The outgroup connects to the rest of your tree (the ingroup) at a single branch, and that branch becomes the starting point for reading the tree’s evolutionary history. Choosing the right outgroup matters more than most beginners realize. The outgroup should be related enough that it aligns well with your other sequences, but clearly outside the group you’re studying. If you’re building a tree of mammals, for example, a reptile might serve as the outgroup.
A common pitfall is picking an outgroup that’s too distantly related. When the outgroup is very divergent, it accumulates so many independent mutations that the algorithm can mistakenly group it with fast-evolving ingroup species rather than placing it correctly at the base. This artifact, called long branch attraction, produces a misleading root. To reduce this risk, choose outgroups with low substitution rates and similar base composition to your ingroup. Using multiple outgroup species from the same sister group, rather than a single distant taxon, also helps.
Step 6: Evaluate Branch Support
A tree is a hypothesis, not a fact.
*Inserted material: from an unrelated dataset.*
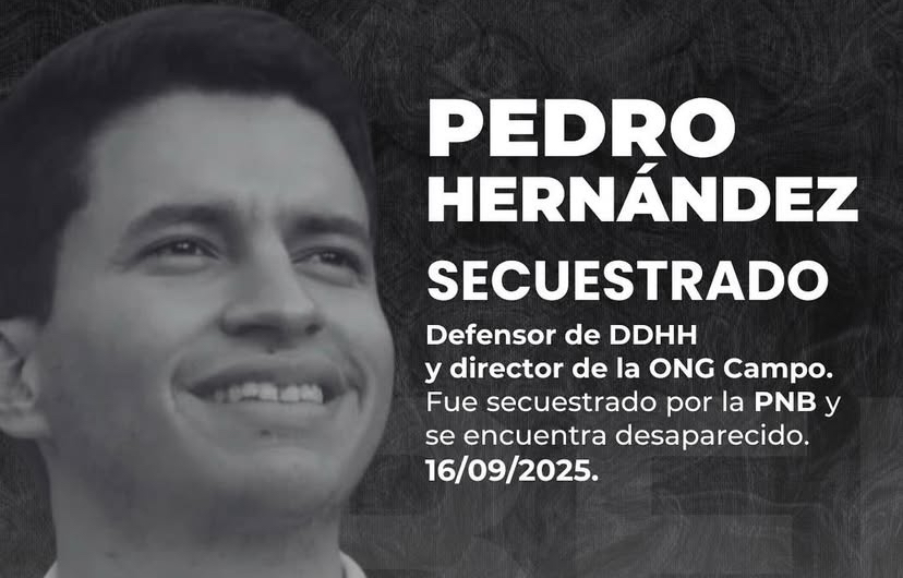 La organización, Realidad Helicoide, denunció que el defensor de derechos humanos, Pedro Hernández, fue secuestrado por efectivos de la Policía Nacional Bolivariana (PNB).
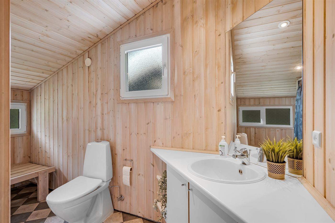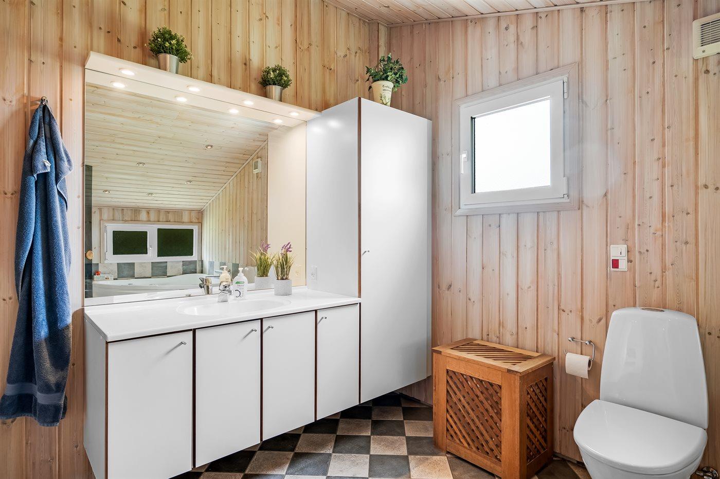Huset er opført i 1998 i kvalitetsmaterialer og der er lagt vægt på et lyst og allergivenligt indeklima. Vægge og lofter er beklædt med lyst, ludbehandlet træ. Klinkegulve med gulvvarme, dog lyse, ludbehandlede trægulve i soveværelserne. Huset indeholder 2 store hemse samt 3 soveværelser - alle med dobbeltseng. Der forefindes 2 flotte badeværelser med bruseniche, hvoraf det største endvidere er udstyret med 2-pers. spa, 5-pers. og sauna. Bryggers med bl.a. vaskemaskine, tørretumbler og buksepresse. Det pragtfulde køkken er kombineret med opholdsstuen og udstyret med fryser, mikrobølgeovn, opvaskemaskine og muret, vandskuret kogeø med keramiske kogeplader. I den hyggelige og smagfuldt indrettede opholdsstue findes brændeovn, hjemmebiograf i form af 40" fladskærms-TV I HD med TV-pakke fra Waoo, CD-/DVD-afspiller, surroundsound-system inkl. 5 højtalere og subwoofer. Der kan afspilles film i Blu-ray format og egne film eller musik kan medbringes på Iphone og afspilles over anlægget.

Some branches will be well-supported by the data and others will be shaky. Bootstrap analysis is the standard way to measure this. The method works by resampling your alignment hundreds or thousands of times, building a new tree from each resampled dataset, and then checking how often each branch appears across all those trees. The result is a percentage for every branch.
Branches with bootstrap values above 80% are generally considered well-supported, though some researchers use a stricter 90% cutoff. In the example of a branch with 63% support, most researchers would treat that grouping as uncertain. Trees in published papers often mark strong branches with asterisks and display exact percentages only for weaker ones, giving readers a quick visual sense of which relationships are solid.
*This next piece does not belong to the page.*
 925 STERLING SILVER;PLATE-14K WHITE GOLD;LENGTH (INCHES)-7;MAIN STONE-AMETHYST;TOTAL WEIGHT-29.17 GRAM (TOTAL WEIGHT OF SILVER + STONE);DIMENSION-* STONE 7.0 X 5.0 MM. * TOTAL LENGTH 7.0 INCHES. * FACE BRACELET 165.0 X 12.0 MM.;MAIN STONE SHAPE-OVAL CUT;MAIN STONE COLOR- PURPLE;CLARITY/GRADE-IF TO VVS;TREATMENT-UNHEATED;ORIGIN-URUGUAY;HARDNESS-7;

Bayesian analyses produce their own confidence measure called posterior probabilities, which range from 0 to 1. These tend to run higher than bootstrap values for the same data, so a posterior probability of 0.95 is roughly comparable to moderate bootstrap support rather than near-certainty.
Step 7: Visualize and Export
Tree-building software outputs results as text files in standardized formats. The two you’ll encounter most often are Newick and NEXUS. Newick stores the tree as nested parentheses: each pair of parentheses represents a branching point, with branch lengths as numbers. It’s compact, widely supported, and readable by virtually every phylogenetics program. NEXUS wraps Newick-style trees inside a richer format that can also store alignment data and analysis commands, making it useful for programs like MrBayes and PAUP*.
To turn these text files into actual figures, you’ll use tree-viewing software. FigTree is the most popular free option. It reads both Newick and NEXUS files and lets you adjust the visual layout: switching between rectangular, circular, or radial tree shapes, displaying bootstrap values, coloring branches, and exporting publication-ready images. For quick viewing during analysis, most tree-building programs also render a basic tree on screen.
Putting It All Together
A minimal but solid workflow looks like this: download sequences from GenBank, align them with Clustal Omega or MUSCLE, run model selection, build the tree with RAxML or a similar ML program, add bootstrap support, root with an appropriate outgroup, and visualize in FigTree. The entire process can be done with free, browser-based tools for small datasets, or with downloaded software when you need more speed or flexibility.
For reproducibility, save your files at every intermediate step: the raw unaligned sequences, the aligned and trimmed versions, the model selection results, and the final tree files. Sharing these files alongside your results lets others verify and build on your work, which is increasingly expected in published research.